---------- SUPPLIED DATA

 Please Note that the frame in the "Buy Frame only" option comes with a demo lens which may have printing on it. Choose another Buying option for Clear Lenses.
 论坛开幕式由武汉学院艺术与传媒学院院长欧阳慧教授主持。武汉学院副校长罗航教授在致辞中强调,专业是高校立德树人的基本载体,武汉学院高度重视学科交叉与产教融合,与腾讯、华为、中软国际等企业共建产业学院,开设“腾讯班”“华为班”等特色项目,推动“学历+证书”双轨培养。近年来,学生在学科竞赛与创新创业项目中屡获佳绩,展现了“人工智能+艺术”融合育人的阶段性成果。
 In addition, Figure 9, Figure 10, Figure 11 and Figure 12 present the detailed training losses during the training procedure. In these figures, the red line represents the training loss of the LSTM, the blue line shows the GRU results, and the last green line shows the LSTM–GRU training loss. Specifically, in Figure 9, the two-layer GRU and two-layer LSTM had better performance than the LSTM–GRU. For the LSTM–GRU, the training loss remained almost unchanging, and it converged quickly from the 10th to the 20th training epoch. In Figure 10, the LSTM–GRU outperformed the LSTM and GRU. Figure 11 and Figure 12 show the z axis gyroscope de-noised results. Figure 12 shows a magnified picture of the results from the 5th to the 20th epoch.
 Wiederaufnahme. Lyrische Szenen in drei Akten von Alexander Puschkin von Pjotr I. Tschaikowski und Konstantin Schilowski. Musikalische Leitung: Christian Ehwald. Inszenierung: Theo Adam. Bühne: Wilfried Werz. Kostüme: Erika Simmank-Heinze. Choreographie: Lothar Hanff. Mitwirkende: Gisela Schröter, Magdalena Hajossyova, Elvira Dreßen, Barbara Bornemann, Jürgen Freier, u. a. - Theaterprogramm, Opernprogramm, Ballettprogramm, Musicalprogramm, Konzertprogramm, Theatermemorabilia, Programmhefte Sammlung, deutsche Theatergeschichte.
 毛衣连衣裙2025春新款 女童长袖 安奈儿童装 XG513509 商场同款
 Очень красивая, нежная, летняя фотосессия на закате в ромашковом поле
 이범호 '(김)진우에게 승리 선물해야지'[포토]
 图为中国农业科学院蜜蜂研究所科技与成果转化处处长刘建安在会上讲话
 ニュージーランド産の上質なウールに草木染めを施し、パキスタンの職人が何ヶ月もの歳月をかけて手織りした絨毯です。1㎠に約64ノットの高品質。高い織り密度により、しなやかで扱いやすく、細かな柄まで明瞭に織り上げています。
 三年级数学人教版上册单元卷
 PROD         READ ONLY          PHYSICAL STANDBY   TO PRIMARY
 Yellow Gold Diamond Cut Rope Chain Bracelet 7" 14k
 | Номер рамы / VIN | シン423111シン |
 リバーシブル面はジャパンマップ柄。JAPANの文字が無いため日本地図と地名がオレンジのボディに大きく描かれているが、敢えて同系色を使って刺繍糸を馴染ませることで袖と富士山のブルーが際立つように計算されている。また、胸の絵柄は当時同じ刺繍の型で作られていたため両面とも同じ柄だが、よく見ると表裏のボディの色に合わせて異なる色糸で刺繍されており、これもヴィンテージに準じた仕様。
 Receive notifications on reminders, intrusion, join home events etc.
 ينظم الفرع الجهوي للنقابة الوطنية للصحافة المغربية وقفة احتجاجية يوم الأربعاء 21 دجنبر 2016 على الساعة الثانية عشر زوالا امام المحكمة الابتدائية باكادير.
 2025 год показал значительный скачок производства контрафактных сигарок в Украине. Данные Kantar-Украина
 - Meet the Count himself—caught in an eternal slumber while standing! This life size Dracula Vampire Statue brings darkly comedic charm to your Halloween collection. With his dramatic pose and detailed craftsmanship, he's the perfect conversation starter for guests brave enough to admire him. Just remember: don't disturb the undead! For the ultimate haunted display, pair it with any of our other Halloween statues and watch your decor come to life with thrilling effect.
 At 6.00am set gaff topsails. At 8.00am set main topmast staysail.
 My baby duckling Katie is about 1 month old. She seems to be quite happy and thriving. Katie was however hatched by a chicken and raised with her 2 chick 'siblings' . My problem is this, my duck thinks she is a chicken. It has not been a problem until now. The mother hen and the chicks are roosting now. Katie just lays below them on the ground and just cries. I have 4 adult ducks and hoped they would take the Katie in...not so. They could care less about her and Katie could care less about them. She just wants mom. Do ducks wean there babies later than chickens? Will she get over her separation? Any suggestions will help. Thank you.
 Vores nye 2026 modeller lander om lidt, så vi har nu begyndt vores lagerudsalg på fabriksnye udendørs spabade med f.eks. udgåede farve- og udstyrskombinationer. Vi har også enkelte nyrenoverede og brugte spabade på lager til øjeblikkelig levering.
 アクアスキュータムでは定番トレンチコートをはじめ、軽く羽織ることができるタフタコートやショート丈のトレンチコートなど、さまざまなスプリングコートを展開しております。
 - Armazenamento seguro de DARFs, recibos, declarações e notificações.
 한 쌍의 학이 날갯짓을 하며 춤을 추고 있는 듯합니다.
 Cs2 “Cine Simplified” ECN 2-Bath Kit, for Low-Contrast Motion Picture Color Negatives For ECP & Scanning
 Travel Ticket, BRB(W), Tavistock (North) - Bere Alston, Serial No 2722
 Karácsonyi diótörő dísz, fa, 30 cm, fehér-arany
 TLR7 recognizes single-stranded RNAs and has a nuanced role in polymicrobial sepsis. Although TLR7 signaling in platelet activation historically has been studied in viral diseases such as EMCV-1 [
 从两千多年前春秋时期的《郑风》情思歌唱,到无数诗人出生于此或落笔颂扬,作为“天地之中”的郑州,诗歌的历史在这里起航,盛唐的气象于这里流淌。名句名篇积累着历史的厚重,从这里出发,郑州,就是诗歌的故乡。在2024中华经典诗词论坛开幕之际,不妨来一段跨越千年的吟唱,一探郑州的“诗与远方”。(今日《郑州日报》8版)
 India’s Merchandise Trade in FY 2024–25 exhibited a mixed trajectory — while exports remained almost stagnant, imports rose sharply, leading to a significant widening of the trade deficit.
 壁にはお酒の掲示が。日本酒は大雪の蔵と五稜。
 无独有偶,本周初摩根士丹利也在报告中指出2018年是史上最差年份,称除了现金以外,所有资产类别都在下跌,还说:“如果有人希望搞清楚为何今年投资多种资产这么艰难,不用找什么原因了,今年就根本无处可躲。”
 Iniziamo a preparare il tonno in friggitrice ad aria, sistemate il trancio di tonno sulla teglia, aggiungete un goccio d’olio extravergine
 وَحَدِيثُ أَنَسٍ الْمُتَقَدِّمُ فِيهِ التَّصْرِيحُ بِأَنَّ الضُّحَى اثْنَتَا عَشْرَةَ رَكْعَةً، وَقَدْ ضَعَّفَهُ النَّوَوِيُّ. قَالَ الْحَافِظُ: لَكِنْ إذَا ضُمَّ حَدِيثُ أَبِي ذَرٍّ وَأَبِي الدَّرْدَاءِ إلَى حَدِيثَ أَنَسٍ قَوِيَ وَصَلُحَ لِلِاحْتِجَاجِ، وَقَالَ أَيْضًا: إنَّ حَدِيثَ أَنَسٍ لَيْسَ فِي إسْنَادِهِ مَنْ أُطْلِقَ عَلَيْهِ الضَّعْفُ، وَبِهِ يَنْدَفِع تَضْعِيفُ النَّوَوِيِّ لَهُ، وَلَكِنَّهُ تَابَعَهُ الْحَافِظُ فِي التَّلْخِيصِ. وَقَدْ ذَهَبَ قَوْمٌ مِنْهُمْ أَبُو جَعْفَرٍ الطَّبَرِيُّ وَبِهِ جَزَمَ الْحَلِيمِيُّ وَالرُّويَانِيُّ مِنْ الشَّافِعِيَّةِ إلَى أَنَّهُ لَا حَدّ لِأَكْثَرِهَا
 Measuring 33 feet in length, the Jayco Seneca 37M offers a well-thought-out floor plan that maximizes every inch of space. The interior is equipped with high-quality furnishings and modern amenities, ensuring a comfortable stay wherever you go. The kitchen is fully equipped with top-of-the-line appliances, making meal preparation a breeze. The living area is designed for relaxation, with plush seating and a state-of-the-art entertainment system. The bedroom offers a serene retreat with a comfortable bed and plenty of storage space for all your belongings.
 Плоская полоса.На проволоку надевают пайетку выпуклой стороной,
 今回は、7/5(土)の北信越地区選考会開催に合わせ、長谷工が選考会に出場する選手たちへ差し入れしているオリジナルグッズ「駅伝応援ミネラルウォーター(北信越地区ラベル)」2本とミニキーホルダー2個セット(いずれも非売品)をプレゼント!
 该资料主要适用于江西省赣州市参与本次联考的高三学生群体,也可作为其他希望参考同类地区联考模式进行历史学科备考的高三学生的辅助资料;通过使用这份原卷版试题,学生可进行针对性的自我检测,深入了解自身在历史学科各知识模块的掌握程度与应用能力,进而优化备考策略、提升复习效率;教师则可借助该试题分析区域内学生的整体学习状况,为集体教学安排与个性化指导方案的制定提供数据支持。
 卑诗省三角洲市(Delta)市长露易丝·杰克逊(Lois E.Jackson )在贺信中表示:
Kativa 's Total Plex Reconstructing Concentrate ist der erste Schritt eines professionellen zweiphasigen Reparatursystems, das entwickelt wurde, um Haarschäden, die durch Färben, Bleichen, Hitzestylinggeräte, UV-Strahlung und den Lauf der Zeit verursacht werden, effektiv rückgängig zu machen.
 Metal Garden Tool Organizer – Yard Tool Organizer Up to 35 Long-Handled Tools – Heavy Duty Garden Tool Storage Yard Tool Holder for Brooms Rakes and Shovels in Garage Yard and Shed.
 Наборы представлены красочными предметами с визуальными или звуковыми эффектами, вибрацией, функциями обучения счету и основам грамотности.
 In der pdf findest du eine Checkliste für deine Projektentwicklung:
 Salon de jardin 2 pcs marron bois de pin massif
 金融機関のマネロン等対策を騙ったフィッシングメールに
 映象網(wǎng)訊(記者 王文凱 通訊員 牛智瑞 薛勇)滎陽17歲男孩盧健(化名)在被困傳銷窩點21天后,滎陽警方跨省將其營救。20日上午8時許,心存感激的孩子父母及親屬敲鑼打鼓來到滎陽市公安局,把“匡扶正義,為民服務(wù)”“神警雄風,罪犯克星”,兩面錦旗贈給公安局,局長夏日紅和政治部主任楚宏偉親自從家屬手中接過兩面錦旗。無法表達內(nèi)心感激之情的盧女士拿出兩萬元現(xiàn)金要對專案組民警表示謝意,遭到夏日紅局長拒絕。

--------------------

Copy the lines above exactly, beginning at the line that has "이범호 '(김)진우에게 승리 선물해야지'[포토]" and stopping after the line that has "リバーシブル面はジャパンマッ", and omit the rest.

RESPONSE BOX:
 이범호 '(김)진우에게 승리 선물해야지'[포토]
 图为中国农业科学院蜜蜂研究所科技与成果转化处处长刘建安在会上讲话
 ニュージーランド産の上質なウールに草木染めを施し、パキスタンの職人が何ヶ月もの歳月をかけて手織りした絨毯です。1㎠に約64ノットの高品質。高い織り密度により、しなやかで扱いやすく、細かな柄まで明瞭に織り上げています。
 三年级数学人教版上册单元卷
 PROD         READ ONLY          PHYSICAL STANDBY   TO PRIMARY
 Yellow Gold Diamond Cut Rope Chain Bracelet 7" 14k
 | Номер рамы / VIN | シン423111シン |
 リバーシブル面はジャパンマップ柄。JAPANの文字が無いため日本地図と地名がオレンジのボディに大きく描かれているが、敢えて同系色を使って刺繍糸を馴染ませることで袖と富士山のブルーが際立つように計算されている。また、胸の絵柄は当時同じ刺繍の型で作られていたため両面とも同じ柄だが、よく見ると表裏のボディの色に合わせて異なる色糸で刺繍されており、これもヴィンテージに準じた仕様。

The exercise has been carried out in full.